Видно, Тальвавтын не пользовался никогда коралем. Мы с Костей отлично знали, что олени, загнанные в кораль, избегают прикасаться к изгороди. Я сказал об этом Тальвавтыну. Он удовлетворенно кивнул — повадки оленей старик знал великолепно. Весной перед отелом чукчи отбивают самцов от отельных важенок, загоняя табун в ограждение из туго натянутых арканов, завешанных шкурами. И олени никогда не сметают шаткой преграды.

— Как пасти купленных оленей будешь? — спросил вдруг старик. В его глазах вспыхнули недобрые искорки.

— Пастухов у нас пока нет, дай нам людей для перегона на Омолон — оттуда нам навстречу нам люди кочуют.

Тальвавтын нахмурился, долго молчал, покуривая трубку, и наконец ответил:

— Нет лишних людей у меня. Как давать стану?

— Много оленей у тебя покупаем — два табуна, — вмешался Костя, — меньше пастухов тебе нужно.

Старик одобрительно хмыкнул — ему понравилась логика ответа. Вообще он с удовольствием вел с нами дипломатическую беседу. Дело было стоящее — он получал большие оборотные средства и действительно мог стать королем Анадырской тундры. Покупая у него оленей, Мы невольно укрепляли его могущество. Но людей выпускать из-под своей эгиды Тальвавтыну не хотелось.

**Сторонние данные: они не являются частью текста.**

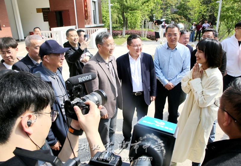 4月10日,在首届楚文化节与2022-2023年度电影频道M榜暨中国电影大数据盛典在荆州举办之际,著名表演艺术家、沙市中学96届校友袁泉回母校参观交流,沙市区委副书记、区委政法委书记郭熙胜,沙市区委常委、宣传部部长代晓娟,沙市中学党委书记、校长熊礼才和班子成员热情接待了袁泉校友一行。
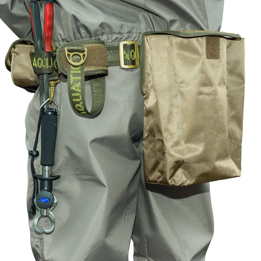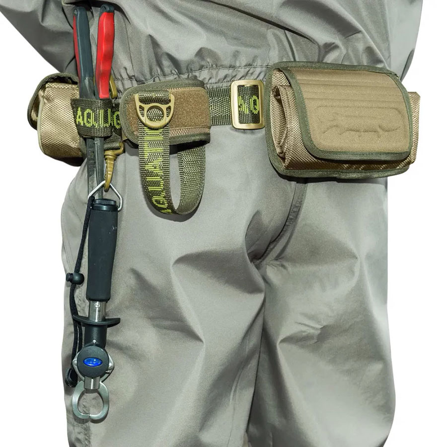 Это самая компактная модель пояса, но в ней предусмотрены все необходимые для рыбалки крепления и карманы: для фляги с водой, инструмента, очков, пойманного улова и так далее.
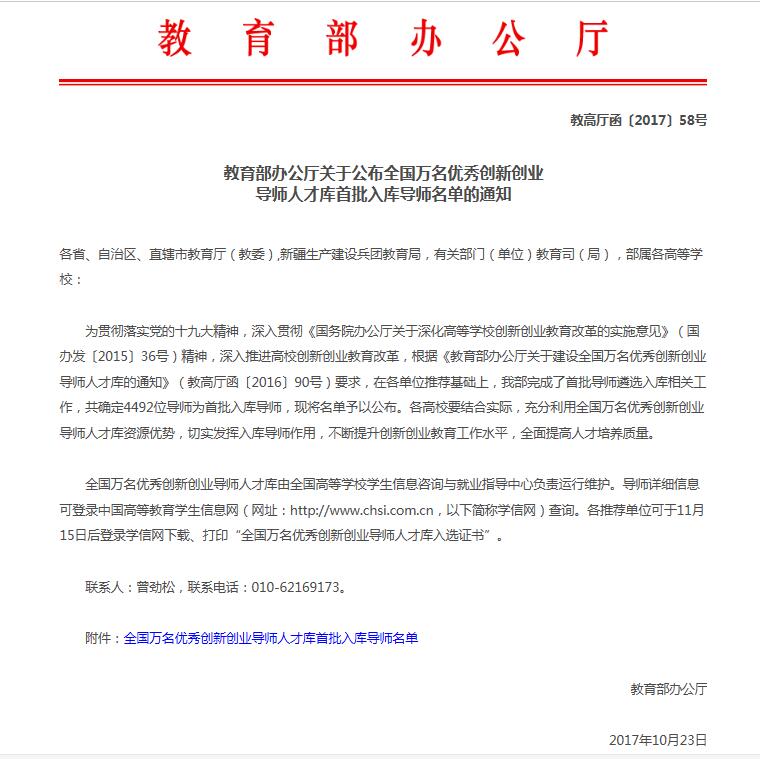 为深入贯彻《国务院办公厅关于深化高等学校创新创业教育改革的实施意见》精神,推进高校创新创业教育改革,根据《教育部办公厅关于建设全国万名优秀创新创业导师人才库的通知》要求,教育部在各单位推荐基础上,完成了首批导师遴选入库相关工作,共确定4492位导师为首批入库导师。
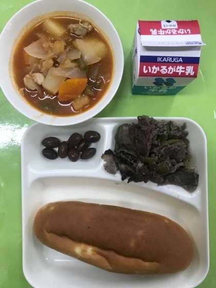 牛肉の香味やき、ケチャップ煮、うずら豆のグラッセ、おさつパン、牛乳
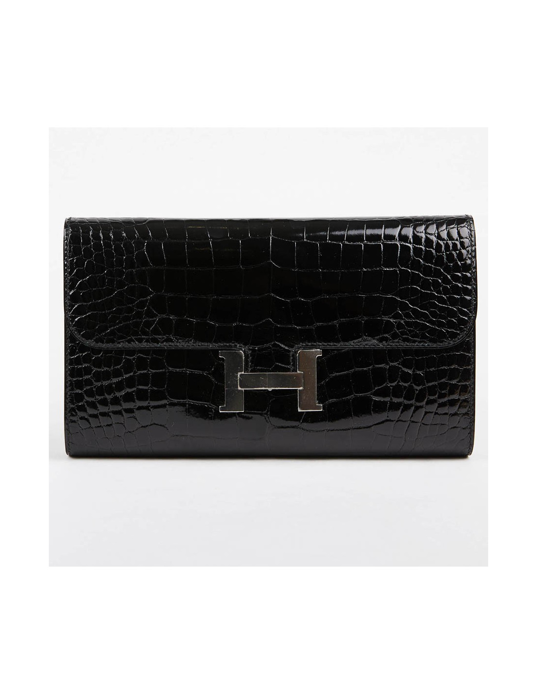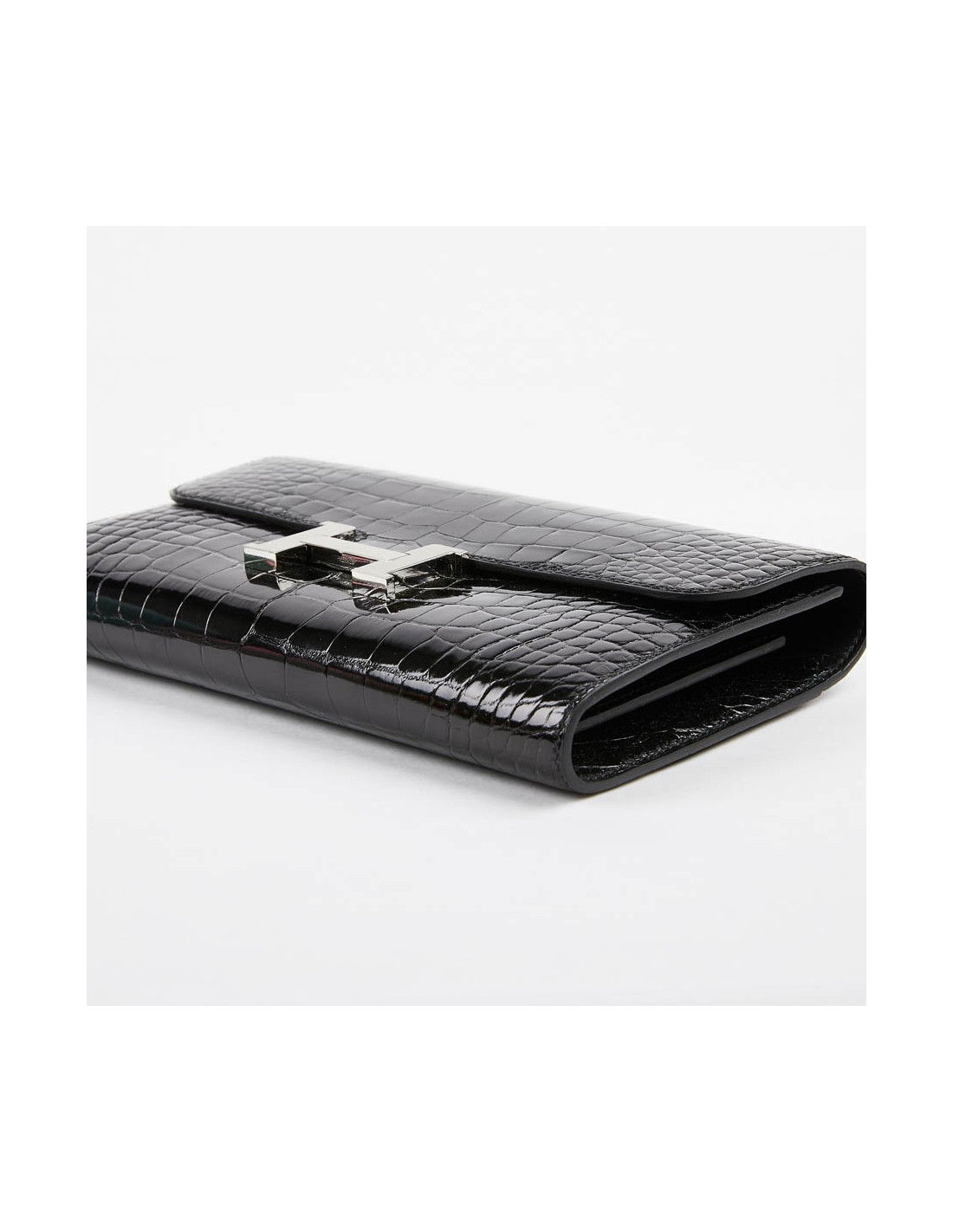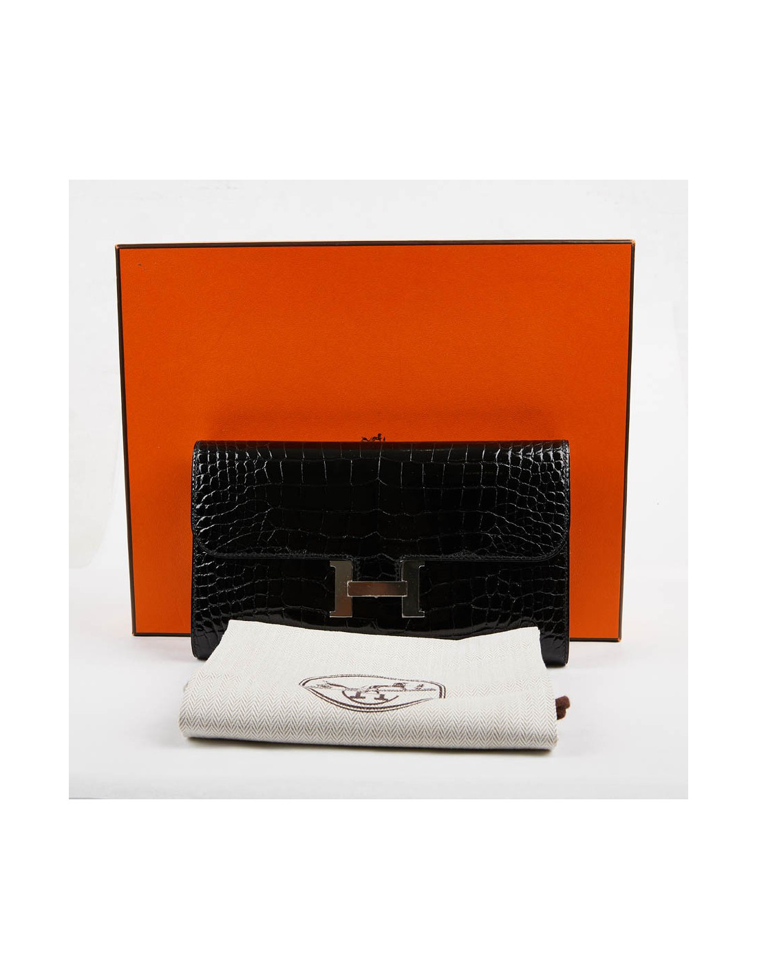 Très beau portefeuille Constance en Alligator du Mississippi noir de la Maison HERMES. Il est doublé en cuir lisse noir. La poche pour pièces qui sépare les deux soufflets de rangement se ferme par une fermeture à glissière. Quatorze poches cartes de crédit et trois poches plates. A l'arrière une poche plaquée. La bijouterie est en argent palladié. Les plastiques sont toujours présents sur le H. Il n'a jamais été porté.
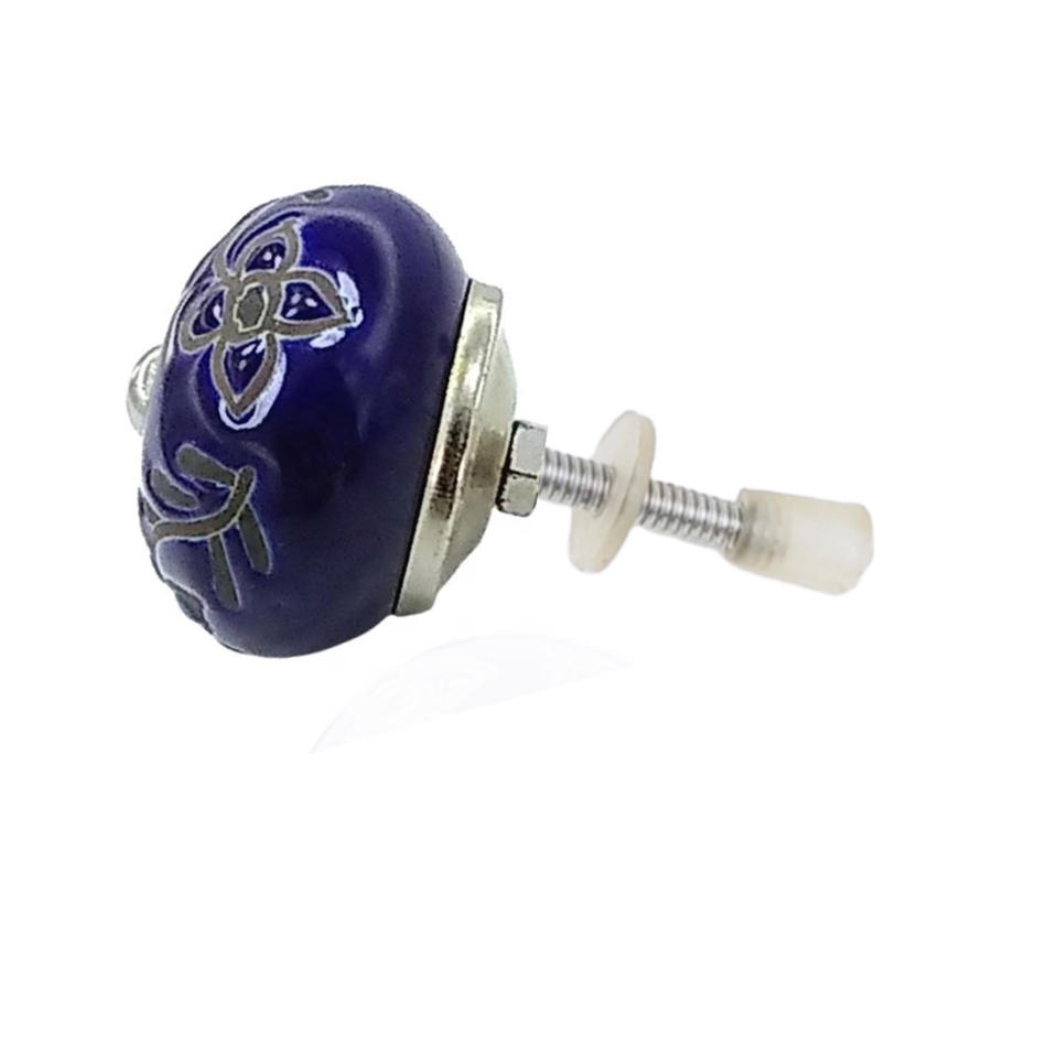 Moroccan Etched Royal Blue Flower Ceramic Knobs Drawer Cabinet Handle Pulls for Kitchen Bedroom Wardrobe Dresser Application
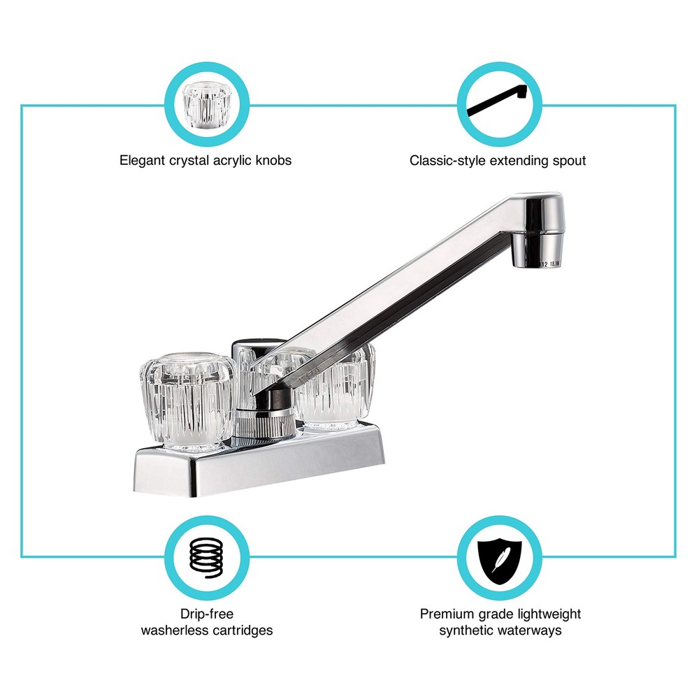The easiest and most-economical way to modernize any recreational vehicle’s space is to replace the existing plumbing hardware. You can give your vehicle a fresh new look with , all while increasing the functionality, with our extensive line of entire units and replacement parts. Replacing plumbing hardware instantly updates the entire look of your space. Our product line is so vast and stylistically-versatile that you will find what you are looking for, and won’t have to worry about the potential of clashing with your recreational vehicle’s decor...it will compliment it! Find the product that will blend best with the rest of your space with . Why : Our plumbing hardware solutions will brighten your space and you will wonder why you didn't make this small investment sooner! It may even inspire you to replace all your plumbing items for an instant and noticeable upgrade. We have oodles of products in all styles, and price points, to match your existing decor. Seriously. Broke the door on your shower box, but everything else works fine in the unit? We've got that replacement door. Don’t spend loads of money for a new unit. Get the parts you need with . We’ve got everything to get your rig looking beautiful. Refresh your vehicle’s look today! Who is : is a leading RV plumbing fixture manufacturer with years of industry experience and expertise. Our experience, combined with our relationships with the very best manufacturers, allows us to provide premium quality products at an affordable price so that you can enjoy quality, long-lasting use in your recreational vehicle. is a proud American company with USA-based Customer Support. Features | This faucet’s petite and classy design features dual acrylic crystal knobs and a convenient far reaching spout. This model’s knobs make for easy operation to quickly adjust the temperature and water flow and comes with drip-free washerless cartridges. ensures that whatever you’re cleaning you’ll be doing so comfortably! Design | This elegant faucet is made with premium grade lightweight synthetic waterway construction and has a sturdy design to keep the unit firmly in place on the sink top when vehicle is in motion. This model is fully functional for washing everything from small dishes to large pots and pans, and the polished and versatile design blends with virtually all kitchen décor styles. Quality | You can update your sink quickly and easily with this stylish faucet knowing that you are not compromising functionality or durability. Although this recreational vehicle faucet takes up a lot less space than a traditional faucet, it does not skimp on quality and power due to its size. As with all products, this model is lead-free certified. Installation | This 2-hole with 4” spacing faucet can be installed easily, so no plumber is needed. Feel free to do it yourself! To attach, effortlessly use a wrench and a screwdriver to tighten it into place and attach water connections. This is the perfect sized faucet for smaller galley and bar sinks. Specifications | Total length of this faucet is just over 8.14”, width 6.13”, and height is 6.48”. Flow rate 1.8 GPM. UPC and CUPC Certified. is a proud American company with USA-based Customer Support so if you have any issues with your product you can relax knowing that everything will be taken care of.
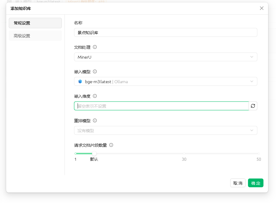 接下来自己输入命令也好,或者是在下拉选择也好,把模型库下载下来之后的就是建立知识库了
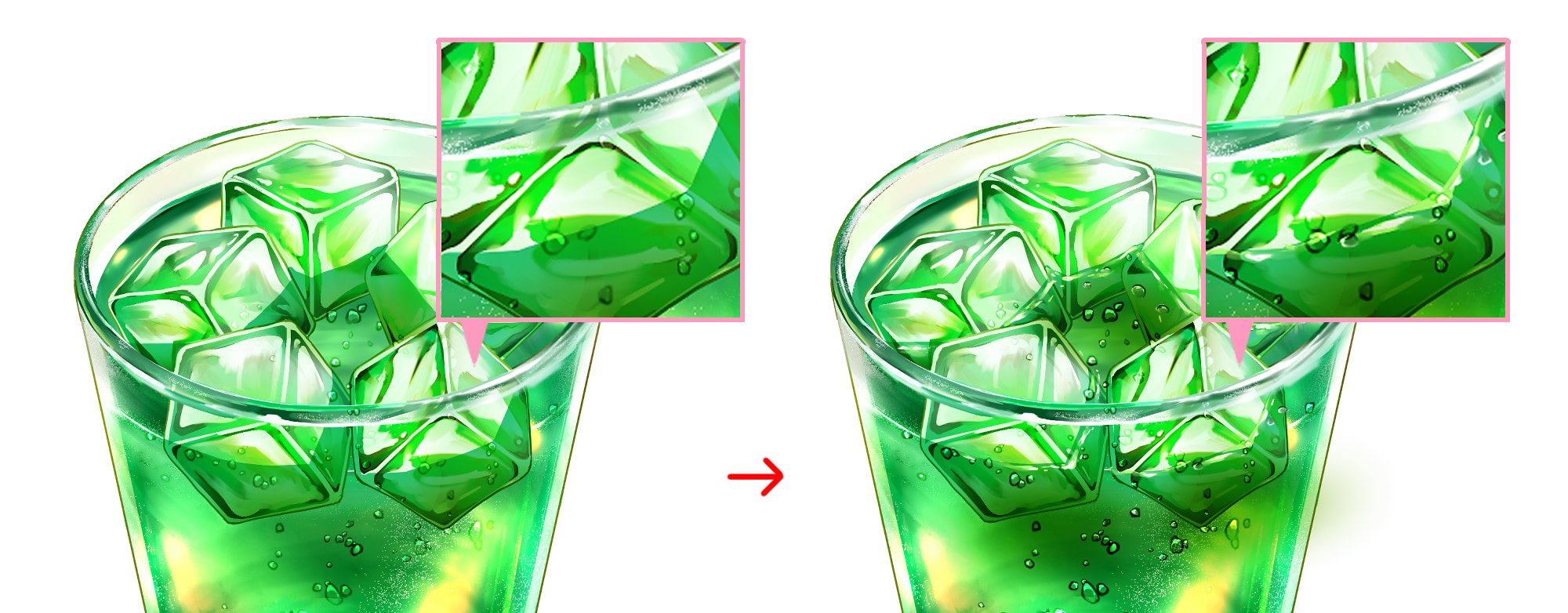 このような光の描き方をふまえることで、氷の透明感を表現することができます。
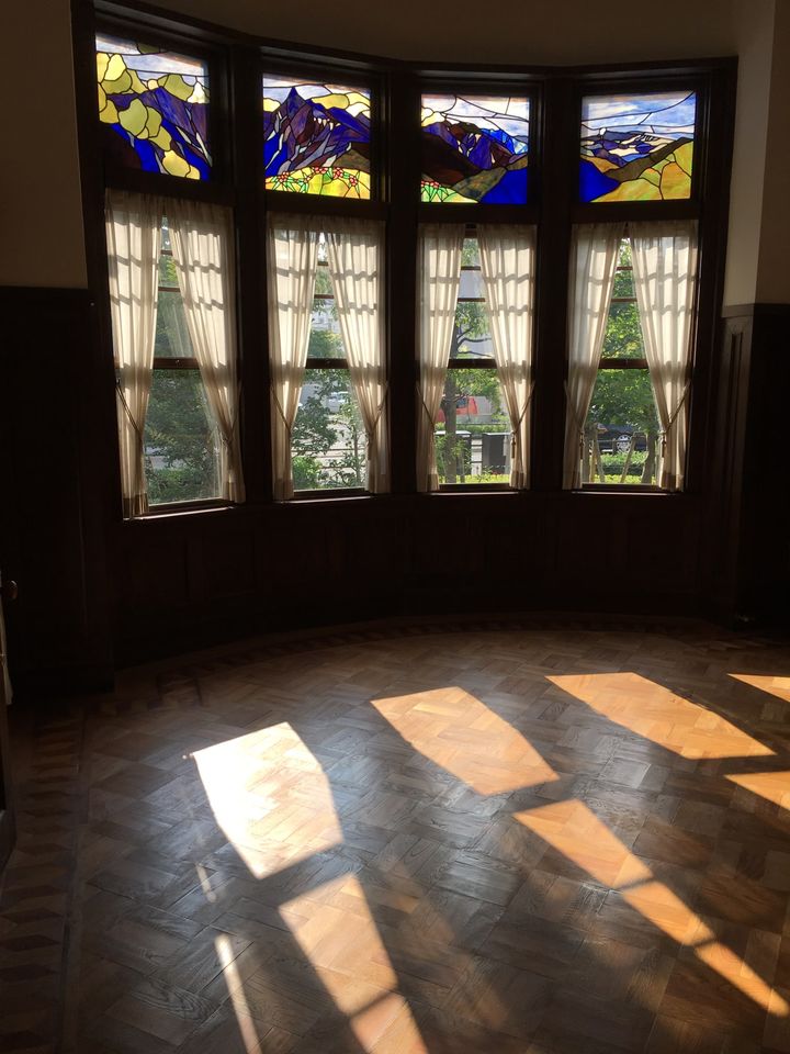 旧食堂には、山々の風景が描かれたステンドクラスが飾られている。ステンドクラスは光を受けて、より一層輝きを放つ。
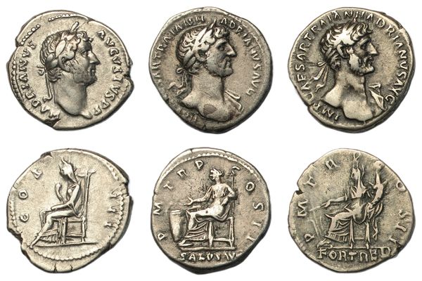 Denarii, Rome, laureate head right, rev. Pudicitia seated left on throne, (RSC 395a, RIC II 343); Rome, laureate head right, slight drapery, rev. Fortuna seated left, holding rudder on globe and cornucopia, (RSC 745, RIC 114); Rome, laureate bust, slight drapery, rev. Salus seated left, feeding snake coiled round altar, (RSC 1350, RIC 138). Good fine to very fine or better Provenance: from the Kent collection of Ancient coins

— Очень нужны мне люди, — повторил он.

— Не насовсем у тебя просим — на четыре месяца.

Тальвавтын задумался.

— Хорошие подарки, выкуп тебе за людей дадим, — вмешался вдруг Костя.

— А что генерал скажет? — не преминул заметить я.

Костя махнул рукой.

— Его бы сюда, в это чертово пекло! — тихо ответил он. — “С волками жить — по-волчьи выть”.